Appreciate your help. Can be in R or in python.
To draw a trend line, you can look on this tutorial
https://www.statology.org/ggplot-trendline/
Or on this stackoverflow question
Draw a trend line using ggplot
To split your dataset in two groups you simply need to do something like this (in R).
data <- data.frame(dates, water)
#This neat trick allows you to turn a logical value into a number
data$group <- 1 + (data$dates > "2019-11-30")
old <- subset(data,group == 1)
new <- subset(data,group == 2)
For the plots:
library(ggplot2)
ggplot(old,aes(x = dates, y = water)) +
geom_smooth(method = "lm", col = "blue") +
geom_point()
ggplot(new,aes(x = dates, y = water)) +
geom_smooth(method = "lm", col = "red") +
geom_point()
Here is a full-fledged example with added labels:
library(dplyr)
library(ggplot2)
dates <- seq(as.Date("2016-09-01"), as.Date("2020-07-30"), by=15)

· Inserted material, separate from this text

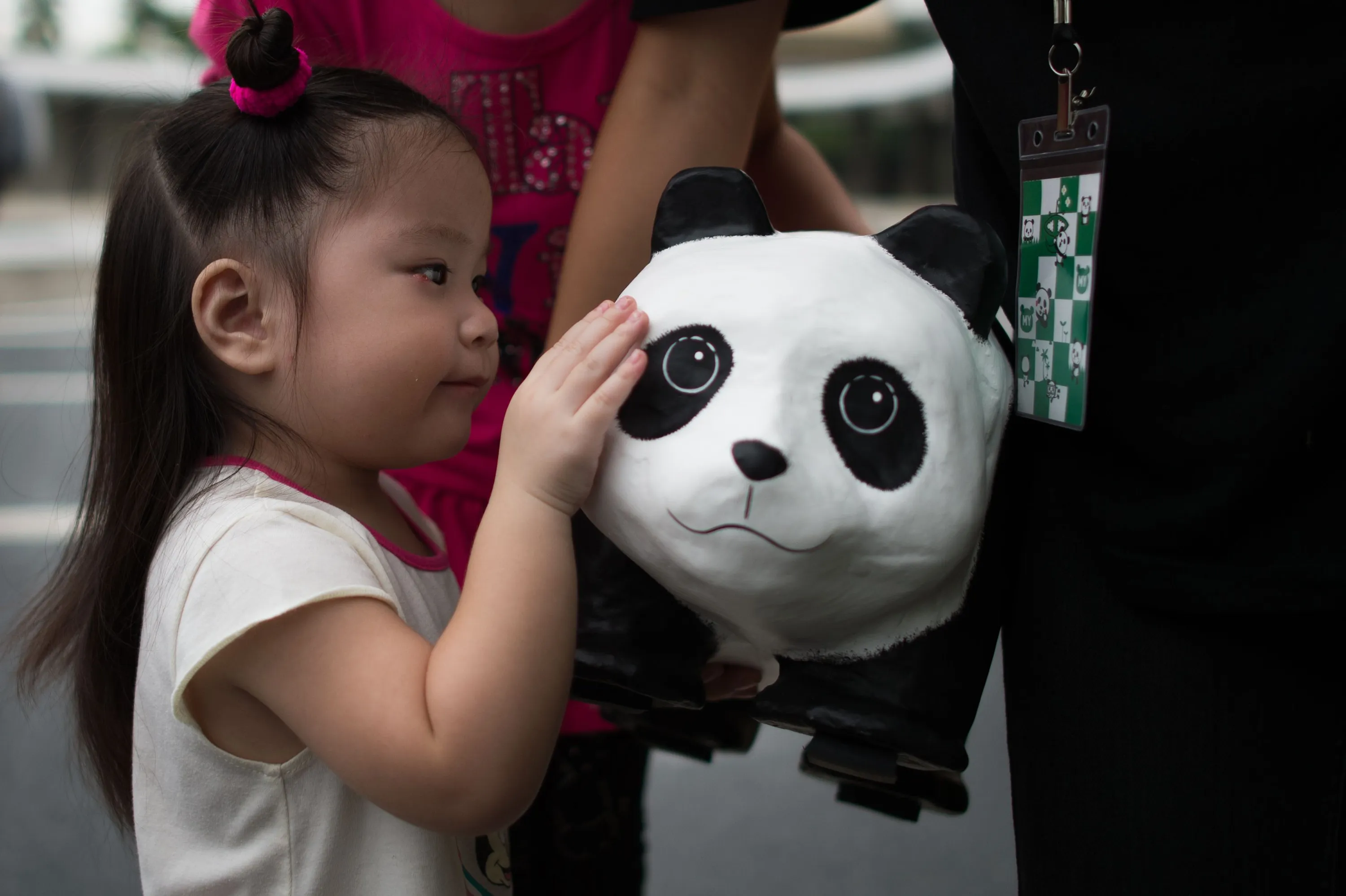 A girl touches a papier-mache pandas before it is displayed at the National Monument in Kuala Lumpur on January 9, 2015. The event, consisting of placing 1,600 papier-mache pandas in various cities around the world, was created by French artist Paulo Grangeon in collaboration with the WWF and is aimed at raising awareness of the endangered species. (Photo by Mohd Rasfan/AFP Photo)

wc <- as.numeric(strsplit("0.5702722 0.5631781 0.5560839 0.5555985 0.5519783 0.5463459 0.5511598 0.5466520 0.5361545 0.5300120 0.5360571 0.5396569 0.5683526 0.6031535 0.6417821 0.6713580 0.7015542 0.7177007 0.7103561 0.7036985 0.6958607 0.6775161 0.6545367 0.6380155 0.6113306 0.5846186 0.5561815 0.5251135 0.5085149 0.4953520 0.4858190 0.4730029 0.4686458 0.4616468 0.4613918 0.4615532 0.4827496 0.5149105 0.5447824 0.5776764 0.6090217 0.6297454 0.6399422 0.6428941 0.6586344 0.6507473 0.6290631 0.6011123 0.5744375 0.5313527 0.5008027 0.4770338 0.4564025 0.4464508 0.4309046 0.4351668 0.4490393 0.4701232 0.4911582 0.5162941 0.5490387 0.5737573 0.6031149 0.6400073 0.6770058 0.7048311 0.7255012 0.7391070 0.7338938 0.7265202 0.6940718 0.6757214 0.6460862 0.6163091 0.5743775 0.5450822 0.5057753 0.4715266 0.4469859 0.4303232 0.4187793 0.4119401 0.4201316 0.4263690 0.4419331 0.4757525 0.5070846 0.5248457 0.5607567 0.5859825 0.6107531 0.6201754 0.6356589 0.6336177 0.6275579 0.6214981", " |\\n")[[1]])
data <- data.frame(date=dates, water_content=wc) %>%
mutate(group = ifelse(date <= as.Date("2019-11-30"), "g1", "g2"))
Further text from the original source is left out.